Because what if the Joneses used that? What if they paraded Mia in court as the "child who wanted to come back," painting themselves as loving parents torn apart by a so-called troubled girl's lies? If they won Mia back, would they then argue that Audrey should return, too?

The thought chilled me.

I'd read the files. I'd seen the evidence. Mia wasn't just another kid caught in the crossfire. The journals, the threatening notes, the detailed plans to torment Audrey, those weren't just adolescent outbursts. They were cold. Calculated. Cruel.

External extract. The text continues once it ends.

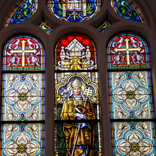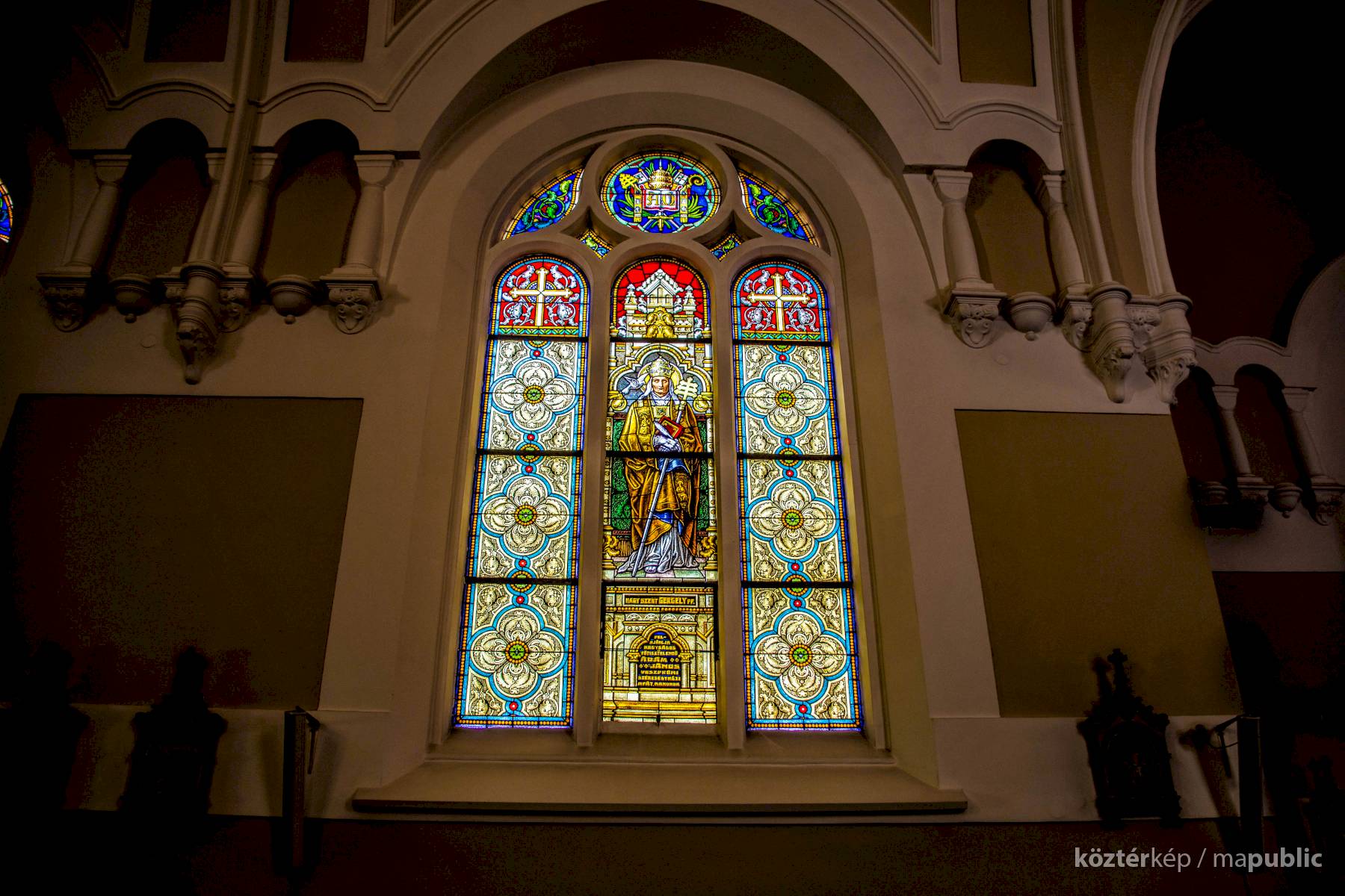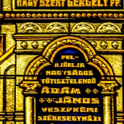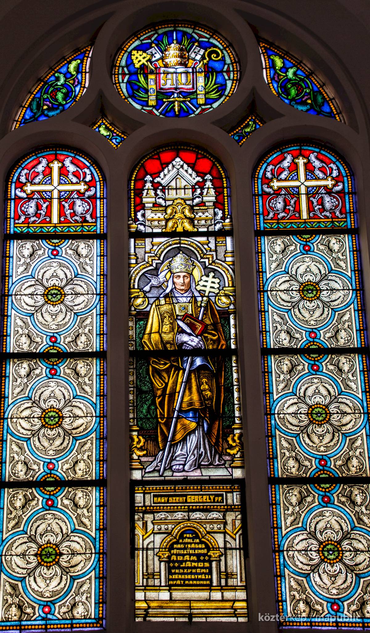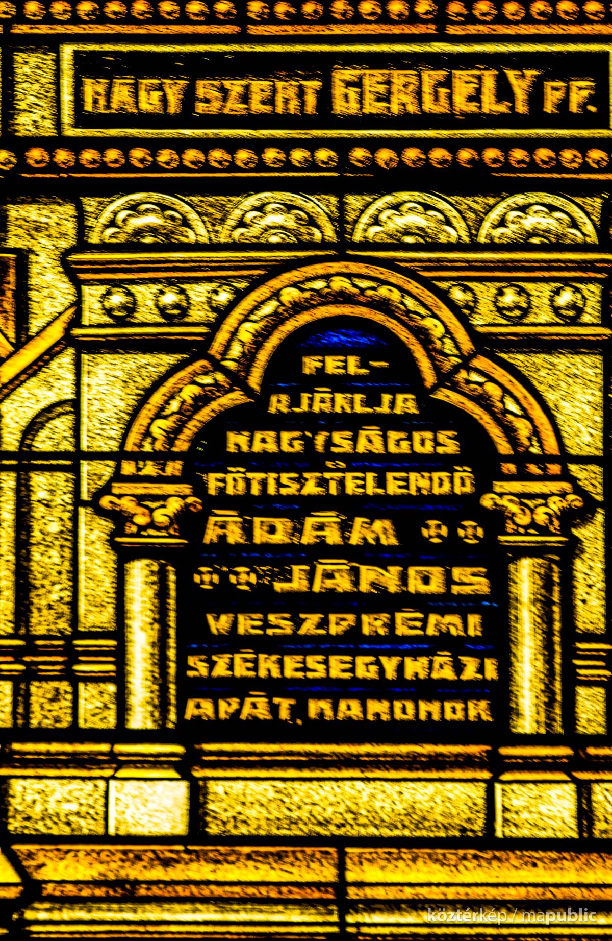 Nagy Szent Gergely pápát és egyháztanítót ábrázoló ablakon olvasható felirat szerint Ádám János veszprémi székesegyházi apát, kanonok ajánlotta fel.

I was horrified by what Mia had done. She was thirteen, but sometimes she didn't feel thirteen. Sometimes she felt like something much older, much harder, wearing the skin of a middle schooler. If it were up to me, I would strongly recommend a psychiatric evaluation. She needed more than therapy. She needed intensive psychological intervention. But I could only recommend therapy. It was still the parents' decision.

And that's where the dilemma sat like a stone in my chest.

Even if the court granted the Joneses custody of Mia again, even if they genuinely didn't mistreat her before, what would they do to her now? Would they see her as a weapon, a pawn to win Audrey back? Or worse, would they resent Mia for failing to hold the secret together? Would they punish her in Audrey's place?

I couldn't predict them anymore. I wasn't sure anyone could.

I tapped my pen anxiously against the folder on my desk, re-reading the hearing schedule. It was Monday. The emergency hearing was set for Wednesday. I needed to visit Mia again before then. I needed to gauge where she was emotionally, how she was adjusting, whether she was still clinging to the fantasy of going back.

Maybe she would soften. Maybe Dr. Brown's structured home would help her start to see what a safe space could feel like.

But the truth was, I wasn't sure she wanted to.

I make a mental note to clear my schedule for Tuesday afternoon. I need to see Mia in person. No phone call could get me the answers I need. I had to see her eyes, read her posture, and look past her rehearsed lines.

Because in the courtroom, I would have to stand up and recommend what's best for her.

The problem was, I wasn't sure I knew what that was.